Os olhos eram bem próximos um do outro, com sobrancelhas que
cruzavam toda a testa, e os cabelos escuros rareavam, recuando nas
têmporas.
“A
mulher do dornês cantava no banho, numa voz que era pêssego doce.
Mas a espada do
dornês
tinha a sua canção, e mordia como se sanguessuga fosse.”
Ao lado
do braseiro, um homem baixo mas imensamente largo estava sentado num
banco, comendo uma galinha diretamente no espeto. Gordura quente
escorria por seu queixo e pela barba branca como a neve, mas ele
sorria mesmo assim, com um ar feliz. Três presilhas de ouro gravadas
com runas cingiam seus braços fortes, e usava uma pesada camisa de
cota de malha negra que só podia ter vindo de um patrulheiro morto.
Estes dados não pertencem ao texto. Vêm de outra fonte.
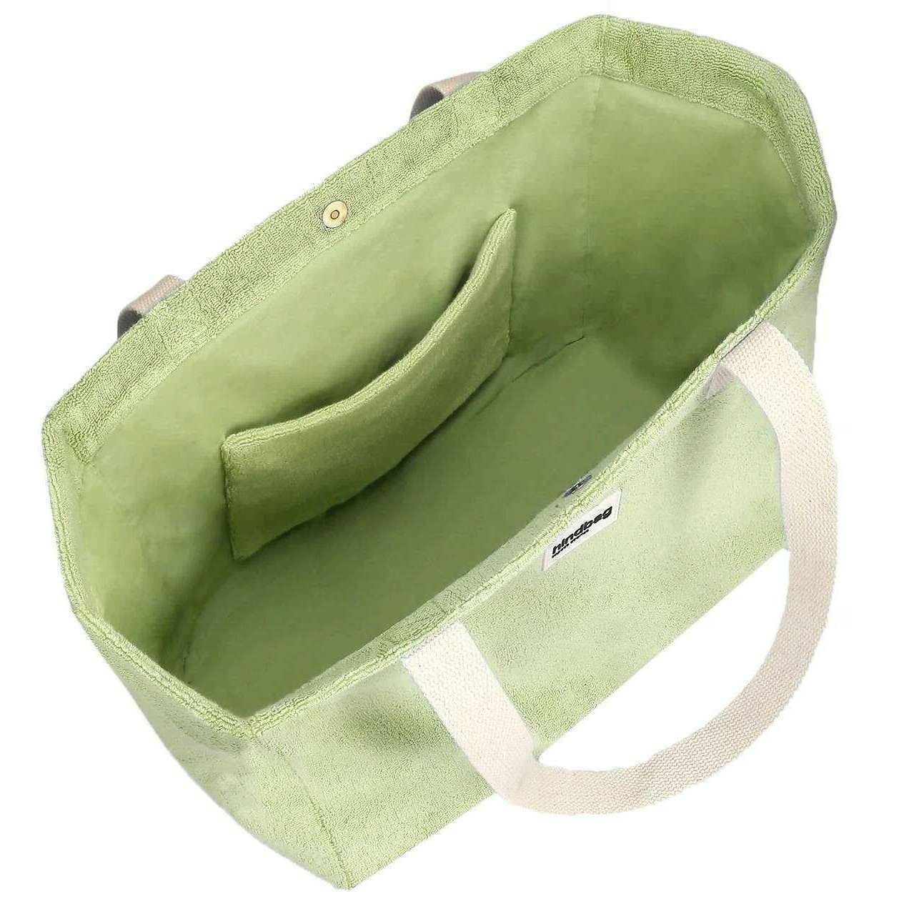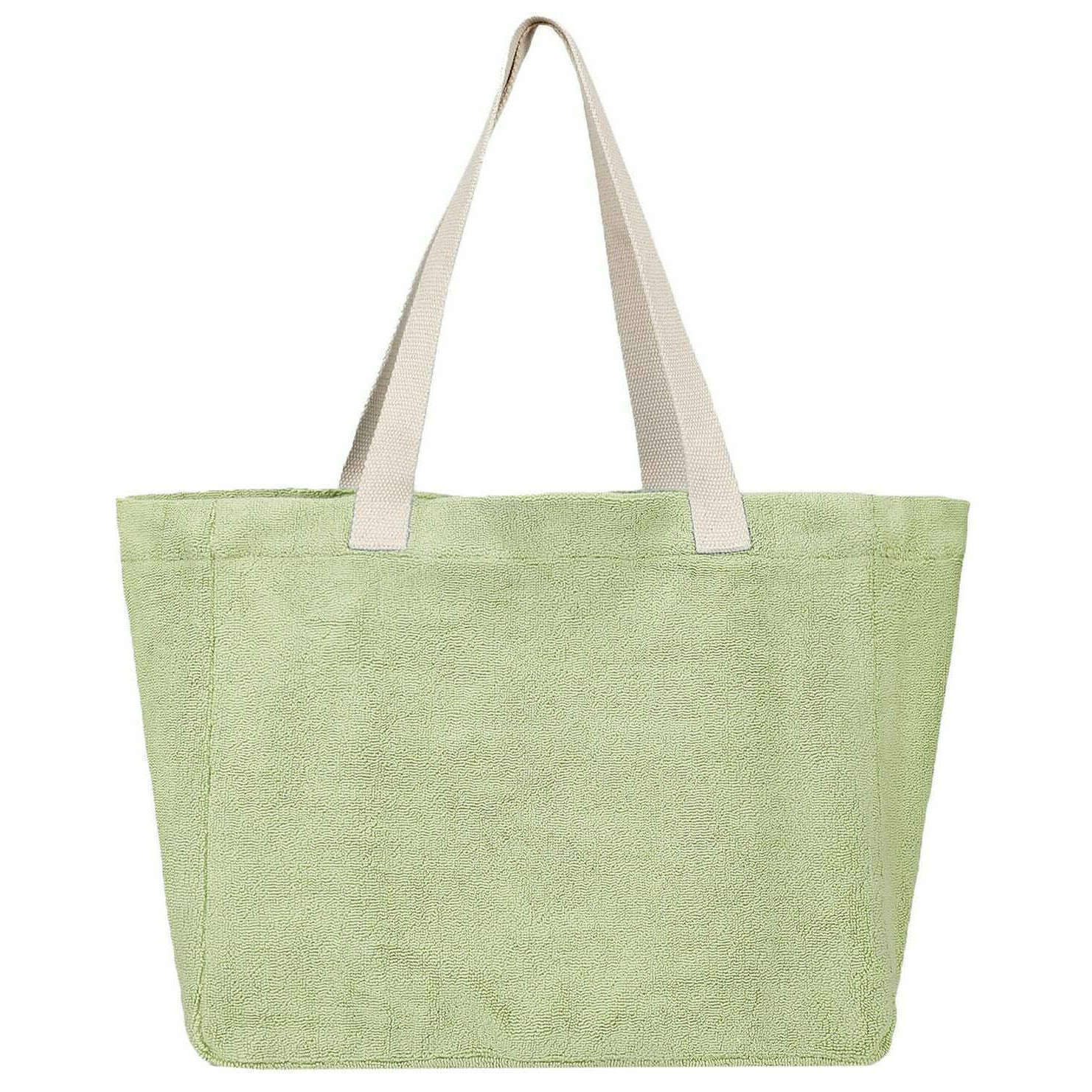 Perfect for men or women is this Hindbag terry green claude beach tote bag, it is also made from 100% organic cotton. It measures 33cm(height) x 40cm(width) x 23cm(depth). All the bags come complete with hindbag packaging. The Hindbag Claude Beach Tote Bag - Terry Green is a versatile and stylish bag crafted from eco-friendly material. This Claude Tote offers a generous 33-liter capacity, making it suitable for various occasions such as shopping, beach outings, or daily commutes. The magnetic snap button ensures the bag remains closed, keeping your belongings secure while allowing easy access.

Não muito longe dele, um homem mais alto e mais esguio, com uma
camisa de couro com escamas de bronze, franzia a testa sobre um mapa,
com uma longa espada a tiracolo, em uma bainha de couro. Era reto
como uma lança, todo ele longos músculos duros, escanhoado, calvo,
com um forte nariz reto e olhos cinzentos encovados. Podia ter sido
bonito se tivesse orelhas, mas perdera ambas; Jon não sabia dizer se
devido ao frio ou à faca de algum inimigo. A falta delas fazia com
que a cabeça do homem parecesse estreita e pontiaguda.
Tanto o
homem de barba branca como o calvo eram guerreiros, tinha bastado um
relance para que isso ficasse claro para Jon. Esses dois são de
longe mais perigosos do que o Camisa de Chocalho. Perguntou a si
mesmo qual deles seria Mance Rayder.
“Jazendo
no chão, rodeado de escuridão, seu sangue ele saboreou. Os irmãos
se ajoelharam e rezaram uma oração, e ele sorriu e ele riu e
cantou, 'Irmãos, oh irmãos, os meus dias estão no fim, o dornês
minha vida desfez, Mas que importa, não há homem que não tenha de
morrer, e eu provei a mulher do dornês!'”
Enquanto
as últimas notas de "A mulher do dornês" se desvaneciam,
o homem careca e sem orelhas ergueu os olhos do mapa e fez uma
carranca feroz para Camisa de Chocalho e Ygritte, que tinham Jon
entre eles.
- O que é
isto? - ele perguntou. - Um corvo?
- O
bastardo preto que estripou Orell - disse Camisa de Chocalho - e
também um maldito warg.
- Devia
ter matado todos.
- Este
passou para o nosso lado - explicou Ygritte. - Matou Qhorin Meia-Mão
com as próprias mãos.
- Esse
garoto? - o homem sem orelhas irritou-se com a notícia. - O Meia-Mão
devia ter sido meu. Você tem nome, corvo?
-Jon
Snow, Vossa Graça, - Perguntou a si mesmo se também esperavam que
dobrasse o joelho.
- Vossa
Graça? - o homem sem orelhas olhou para o grandalhão da barba
branca. - Vê? Ele acha que sou rei.
O barbudo
riu com tanta força que espalhou pedaços de galinha por toda a
parte. Limpou a gordura da boca com as costas de uma de suas enormes
mãos.
- Um
rapaz cego, só pode ser. Quem já ouviu falar de um rei sem orelhas?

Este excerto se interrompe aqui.